Frings looked at Smith dully, his high rapidly fading and his headache beginning to reassert itself at the front of his skull. “Sorry. No sneak previews.”

“Don’t be a wiseass with me, Frings.”

“No wiseass. You’ll have to buy a paper, read it tomorrow.”

“Don’t make things difficult for yourself, Frings. This one is personal for the mayor. He’s not going to put up with your bullshit on this. One of his closest friends was nearly murdered.”

“I’m not criticizing the mayor, if that’s what he’s worried about, okay?
I just want to make sure they get the right guys and not just the most convenient ones.”

“Yeah, well, you’d better watch your words very carefully.” Smith grabbed the salt shaker between his thumb and index finger and shook it into Frings’s coffee. Amateur tough-guy stuff. Holding Smith’s eye, Frings picked up the mug and took a long sip of the coffee. More stupid tough-guy stuff, he knew, but when you were dealing with stupid tough guys . . .

Smith winked and stood up. Putting down the mug, Frings watched him saunter out the door and into a black Ford idling at the curb.
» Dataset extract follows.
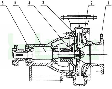 PWF型耐腐蝕污水泵的結(jié)構(gòu)如圖所示,它主要由泵蓋(1)、泵殼(2)、葉輪(3)、軸封(4)、軸(5)和托架(6)等零部件組成。軸封采用新穎的雙端面機械密封結(jié)構(gòu)型式。泵與電動機安裝在共同底盤上,通過彈性聯(lián)軸器由電動機直接驅(qū)動。從電動方向看泵,泵應(yīng)為順時針方向旋轉(zhuǎn)。
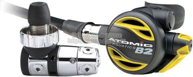 Naprosto shodný výkon jako má T2x, s použitím mosazného prvního stupně. B2 je alternativou k celotitanovému modelu T2x. Nízká dechová práce, kterou se Atomic proslavil je identická. V designu B2 je kladen důraz na ergonomii, proto je druhý stupeň B2 nejkomfortnější na světě, stejně jako u modelu T2x. Zásadním konstrukčním rozdílem je pochromované mosazné tělo prvního stupně, jehož výroba je ekonomičtější, aniž by to ovlivnilo výkon. To je důvod, proč B2 nasbírala nejvíce ocenění a doporučení v nezávislých testech ze všech regulátorů na trhu.

One of these days, Frings thought, I’m going to push him too far.

CHAPTER TEN

Stenciled on the outside of Poole’s door in black-edged gold paint were the words
ETHAN POOLE, INVESTIGATIONS AND INQUIRIES
. This work was not exactly a steady source of income, but it did augment the money he got from his less legal endeavors. Mostly it consisted of tailing husbands or wives or business partners and either confirming or allaying his clients’ fears. Sometimes he falsely reported good news while blackmailing the disloyal spouse or scheming partner, depending on who the client was. He looked to Carla for guidance in those situations, trusting her to determine where his clients were positioned in the chain of production. This visitor, though, was not his typical client.